__Work to be completed__:
What you produce should match the records below precisely, except that images are removed.

__Extracted material__:
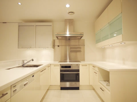 キッチンカウンター下の収納を取り払いスッキリとした印象に。
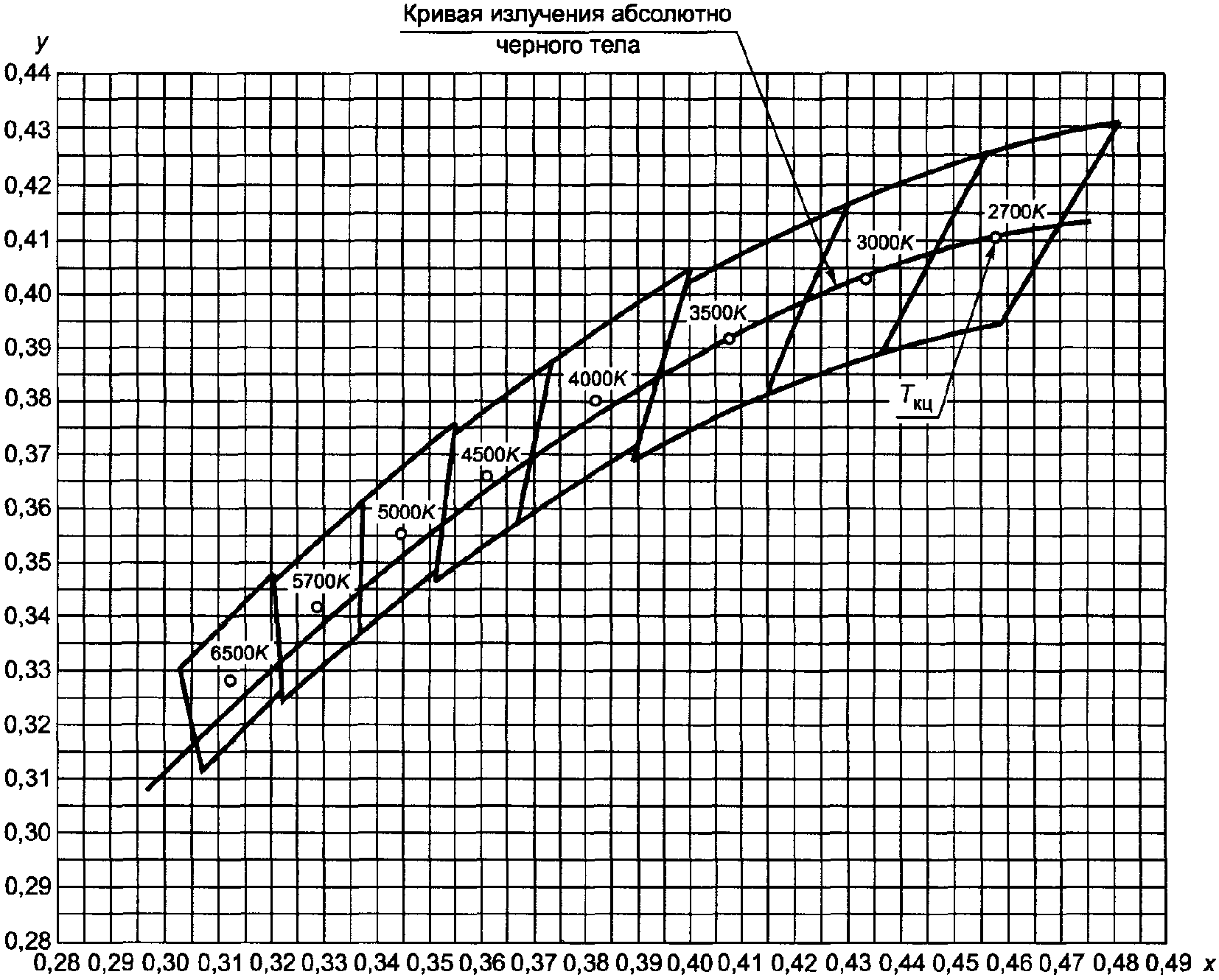 Примечание - Цветовая температура ИС определяется точкой, соответствующей его цветности на линии черного тела, нанесенной на цветовом графике международной комиссии по освещению (МКО).
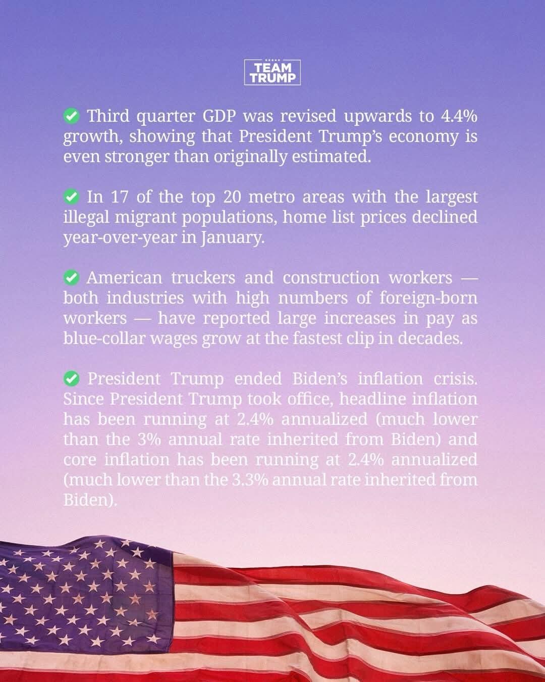 ✅ 3분기 국내총생산(GDP) 성장률이 4.4%로 상향 수정되어, 트럼프 대통령의 경제가 원래 예상했던 것보다 더욱 강력함을 보여줍니다.
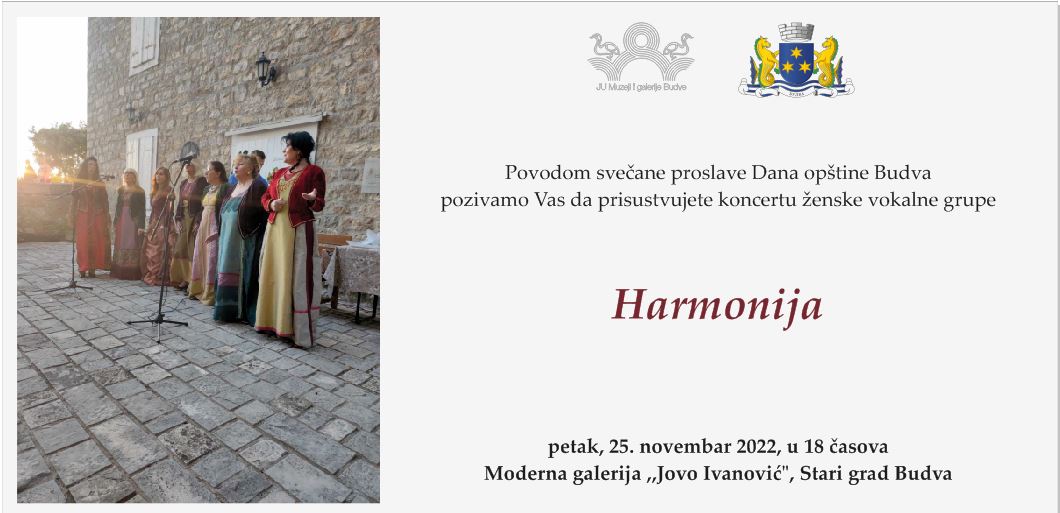 U organizaciji JU Muzeji i galerije Budve u petak, 25. novembra 2022. godine, u 18 časova u Modernoj galeriji „Jovo Ivanović”, povodom svečane proslave Dana opštine Budva će biti upriličen koncert ženske vokalne grupe „Harmonija”. Gosti koncerta će biti Ninoslava Zlatković, solo klavir i vokalni kvartet koji čine Iva Otašević, Lara Pavićević, Milica Radović i Nikola Karadžić.
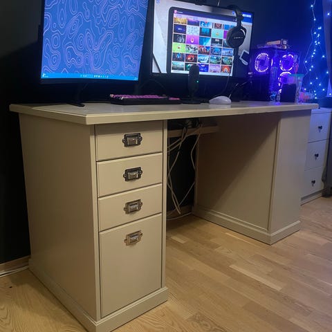 Bordplaten LAGKAPTEN med beina SPÄND selges etter ca 6 måneders bruk som gamingpult. Har dessverre fått noen merker i bordplaten etter et tungt skjermfeste, plassering av merkene er synlig på bildene. Kjøpt nytt for 995, selges for 500,-.
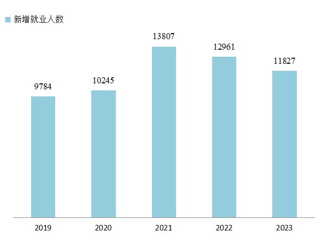 图2 2019-2023年田家庵区新增就业人数(单位:人)
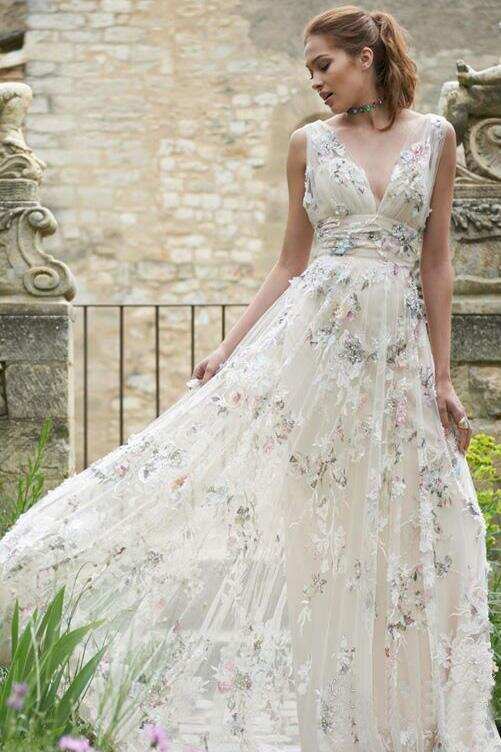 Rustic Deep V Neck Colorful Lace Tulle A Line Floor Length Wedding Gowns DMP90
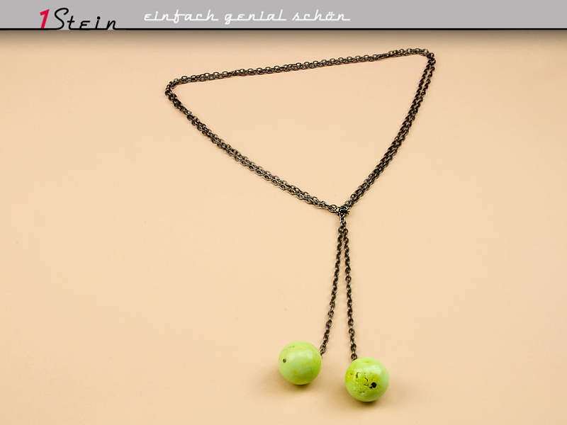 Tief anthrazitfarbene, lange Gliederkette mit zwei großen, apfelgrün gefärbten Howlith-Perlen als End"Gewichte".
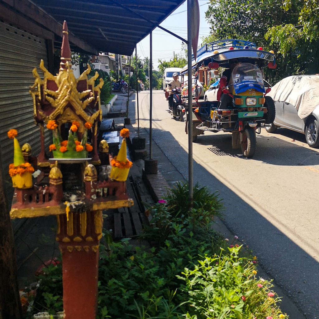 Etwas kritisch sehen wir das ganze schon. Auf der anderen Seite war es auch für uns interessant, sich die Zeremonie anzuschauen und wir waren mal wieder erstaunt, wie viele junge Männer oder besser gesagt Kinder dabei waren. Dies ist aber eigentlich gar nicht so verwunderlich, da viele Eltern ihre Kinder für mehrere Jahre im die buddhistische Lehre in die Tempel zu den Mönchen schicken. Lustigerweise verfolgen wir die Mönche sogar aus Versehen. Nachdem sie zwei Mal um den Tempel gegangen sind, gehen sie weiter durch die Straßen in Richtung unserer Unterkunft. Irgendwie scheint es jetzt authentischer zu werden. Im der Straße, in der auch unsere Unterkunft ist, sitzen zwei ältere Damen am Straßenrand und spenden ebenfalls. Danach beten sowohl die Damen als auch die Mönche. Wir gehen erstmal wieder ins Bett, statt zu schlafen schauen wir die erste Folge der neuen Staffel 7 vs. Wild. Heute mal ein alternativer Start in den Tag.
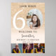 Celebrate sixty in style with this sparkling welcome sign featuring a faux gold glitter background, bold modern typography, and four personal photos—including a childhood throwback. A fun and fabulous way to greet guests and set the tone for a milestone birthday celebration.
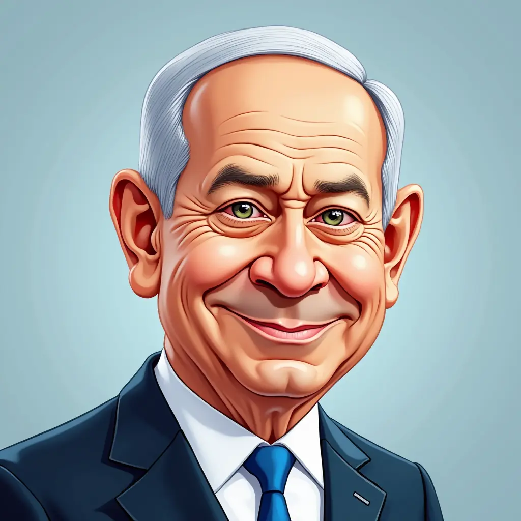 Netanyahu cartoon caricature face . boligan style
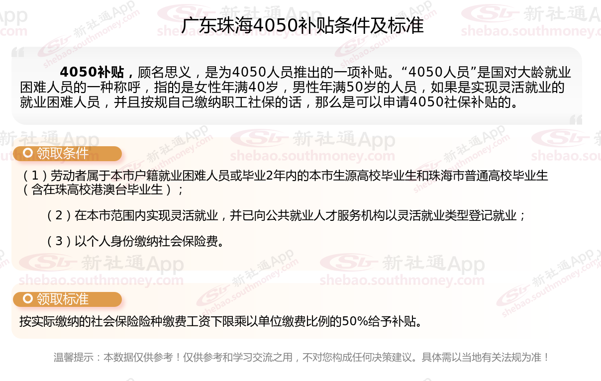 二、2025年广东珠海4050社保补贴标准是多少,最新4050社保补贴领取条件来了
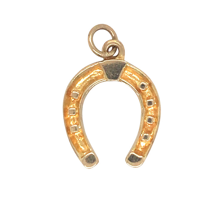 9ct Yellow gold horse shoe charm. Hallmarked and dated Birmingham UK 1963.

__Response to the exercise__:
 キッチンカウンター下の収納を取り払いスッキリとした印象に。
 Примечание - Цветовая температура ИС определяется точкой, соответствующей его цветности на линии черного тела, нанесенной на цветовом графике международной комиссии по освещению (МКО).
 ✅ 3분기 국내총생산(GDP) 성장률이 4.4%로 상향 수정되어, 트럼프 대통령의 경제가 원래 예상했던 것보다 더욱 강력함을 보여줍니다.
 U organizaciji JU Muzeji i galerije Budve u petak, 25. novembra 2022. godine, u 18 časova u Modernoj galeriji „Jovo Ivanović”, povodom svečane proslave Dana opštine Budva će biti upriličen koncert ženske vokalne grupe „Harmonija”. Gosti koncerta će biti Ninoslava Zlatković, solo klavir i vokalni kvartet koji čine Iva Otašević, Lara Pavićević, Milica Radović i Nikola Karadžić.
 Bordplaten LAGKAPTEN med beina SPÄND selges etter ca 6 måneders bruk som gamingpult. Har dessverre fått noen merker i bordplaten etter et tungt skjermfeste, plassering av merkene er synlig på bildene. Kjøpt nytt for 995, selges for 500,-.
 图2 2019-2023年田家庵区新增就业人数(单位:人)
 Rustic Deep V Neck Colorful Lace Tulle A Line Floor Length Wedding Gowns DMP90
 Tief anthrazitfarbene, lange Gliederkette mit zwei großen, apfelgrün gefärbten Howlith-Perlen als End"Gewichte".
 Etwas kritisch sehen wir das ganze schon. Auf der anderen Seite war es auch für uns interessant, sich die Zeremonie anzuschauen und wir waren mal wieder erstaunt, wie viele junge Männer oder besser gesagt Kinder dabei waren. Dies ist aber eigentlich gar nicht so verwunderlich, da viele Eltern ihre Kinder für mehrere Jahre im die buddhistische Lehre in die Tempel zu den Mönchen schicken. Lustigerweise verfolgen wir die Mönche sogar aus Versehen. Nachdem sie zwei Mal um den Tempel gegangen sind, gehen sie weiter durch die Straßen in Richtung unserer Unterkunft. Irgendwie scheint es jetzt authentischer zu werden. Im der Straße, in der auch unsere Unterkunft ist, sitzen zwei ältere Damen am Straßenrand und spenden ebenfalls. Danach beten sowohl die Damen als auch die Mönche. Wir gehen erstmal wieder ins Bett, statt zu schlafen schauen wir die erste Folge der neuen Staffel 7 vs. Wild. Heute mal ein alternativer Start in den Tag.
 Celebrate sixty in style with this sparkling welcome sign featuring a faux gold glitter background, bold modern typography, and four personal photos—including a childhood throwback. A fun and fabulous way to greet guests and set the tone for a milestone birthday celebration.
 Netanyahu cartoon caricature face . boligan style
 二、2025年广东珠海4050社保补贴标准是多少,最新4050社保补贴领取条件来了
 9ct Yellow gold horse shoe charm. Hallmarked and dated Birmingham UK 1963.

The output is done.